The surging revenues helped offset a 31 percent dip in service fees, a trend related to the renovation of the city's golf course (which resulted in a dip in golf fees) and a $1.2 million decrease in plan-check fees, which indicates less building activity.
City officials also expect the documentary-transfer revenues to continue their upward climb. Joe Saccio, deputy director of Administrative Services, told the committee on Nov. 19 that the high number of real-estate transactions the city has been seeing in recent months is forcing the city to revise its projections.
"We are going to be raising it (projected documentary-tax revenues) in the midyear considerably, and it is going to exceed $6.8 million, we believe, based on what we're seeing now," Saccio said.
He noted that the number of real-estate transactions are up almost 10 percent from the prior year, and that property values involved in the transactions are exceeding the prior year's. It also doesn't hurt that the city has several new hotels preparing to open their doors, including at the downtown site of the recently shuttered Casa Olga and on the former Palo Alto Bowl site near the southern edge of the city.
The committee welcomed the financial news, with Vice Mayor Nancy Shepherd lauding the fact that revenues are now higher than they were before 2008 and Councilman Greg Schmid congratulating staff on the revenue outlook.
"We seem to be in the midst of a very nice period," Schmid said.
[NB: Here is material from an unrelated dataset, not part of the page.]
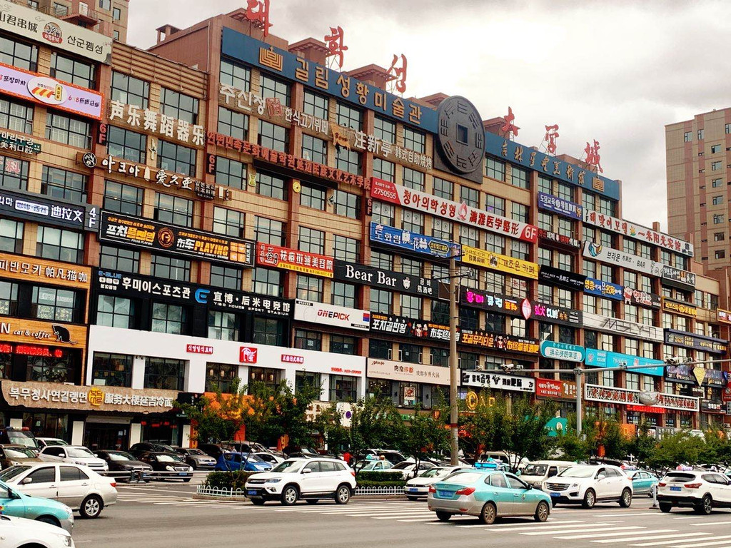 延边大学对面的网红大楼,这座大学城,几乎成了延吉的标志。中韩文的广告牌标示,让你恍如来到了韩国街头。站在路边来张照片,车流穿梭和背景的商家招牌让你瞬间成了一个有故事的同学。

The committee's discussion came at a time when state and county officials are also shaking off the doldrums of the recent economic meltdown. The nonpartisan Legislative Analyst's Office released a report earlier this month that projects a $5.6 billion surplus in the state's budget reserve. Much like the city, the state has revised its expectations upwards in recent months. The report cited the "restrained state budget" that Gov. Jerry Brown and the Legislature agreed on for 2013-14 and notes that the office's "forecast of state revenue collections has increased since last year."
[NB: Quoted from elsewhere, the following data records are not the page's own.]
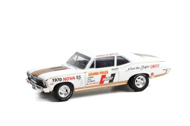Don’t miss out on this exceptional muscle car from Greenlight! This 1970 Chevrolet Nova SS is a 1/64 scale model replica. It comes in white and features 54th international 500 mile sweepstakes hurst performance ‘grand prize’ car, real rubber tires, detailed exterior, metal body and chassis, comes in a blister pack. It’s a brilliant automobile for any muscle car collection, and ideal for enthusiastic Chevrolet buffs!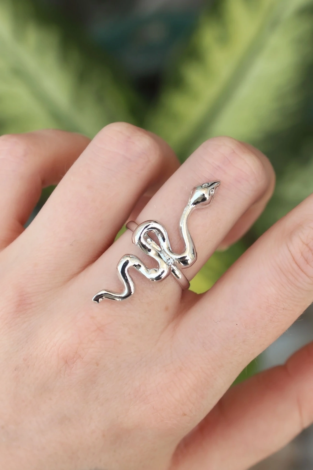 Erb Pirinç Gümüş Renk Ayarlanabilir Yılan Yüzük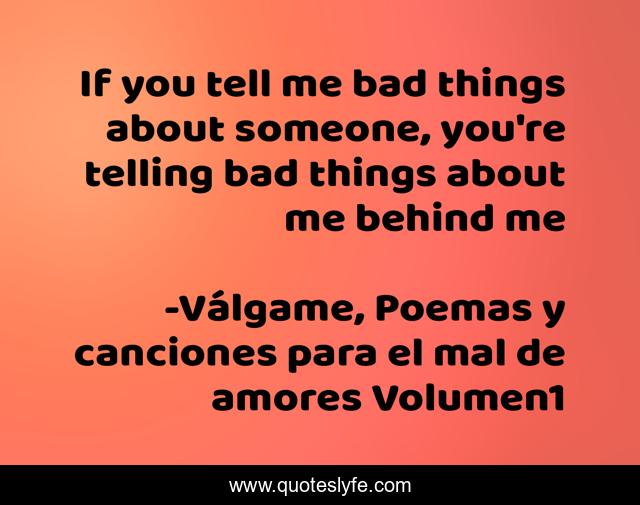 "Válgame, Poemas y canciones para el mal de amores Volumen1 Quotes." Quoteslyfe.com, 2025. Fri. 05 Dec. 2025. <https://www.quoteslyfe.com/quote/If-you-tell-me-bad-things-about-103064>.

"Accordingly, we now find that California's state budget is even more promising than we projected one year ago," the LAO report states.
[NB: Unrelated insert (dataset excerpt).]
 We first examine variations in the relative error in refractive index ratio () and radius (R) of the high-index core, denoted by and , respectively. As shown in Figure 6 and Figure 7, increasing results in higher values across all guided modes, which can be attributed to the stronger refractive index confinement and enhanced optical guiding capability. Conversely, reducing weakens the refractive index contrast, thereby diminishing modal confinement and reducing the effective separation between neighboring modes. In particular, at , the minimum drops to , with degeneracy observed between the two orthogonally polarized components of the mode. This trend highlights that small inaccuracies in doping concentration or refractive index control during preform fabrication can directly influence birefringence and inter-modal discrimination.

In Palo Alto, the brightening outlook is expected to give the city a big boost in addressing its backlog of infrastructure problems, which include more than $200 million in needed new facilities. These include a new police headquarters to replace the small and seismically unfit one at City Hall and the rehabilitation of two obsolete fire stations. A specially appointed Infrastructure Blue Ribbon Commission also identified about $42 million in needed maintenance, work that the new revenues are expected to help fund.
In addition to approving the Comprehensive Annual Financial Report, the committee agreed to transfer $8.9 million from the city's General Fund to the Infrastructure Reserve, bringing the total amount of surplus funds transferred between the two to $16.5 million since 2012. Even after the transfer, the city ended fiscal year 2013 with a General Fund reserve of more than $30 million.
"Those are healthy contributions to the infrastructure priority as set out by Infrastructure Blue Ribbon Commission and also the City Council," Ramberg told the committee. "Clearly, there is still a liability on the infrastructure side that must be addressed, but these are opportunities for us to contribute in the years that we've recently had and again this year."
It helped, Ramberg said, that the city had achieved greater savings than expected from City Hall staffing vacancies. Furthermore, recent negotiations with labor groups, which resulted in greater cost-sharing on medical expenses and new contributions for health care by employees, are expected to save the city nearly $9 million annually.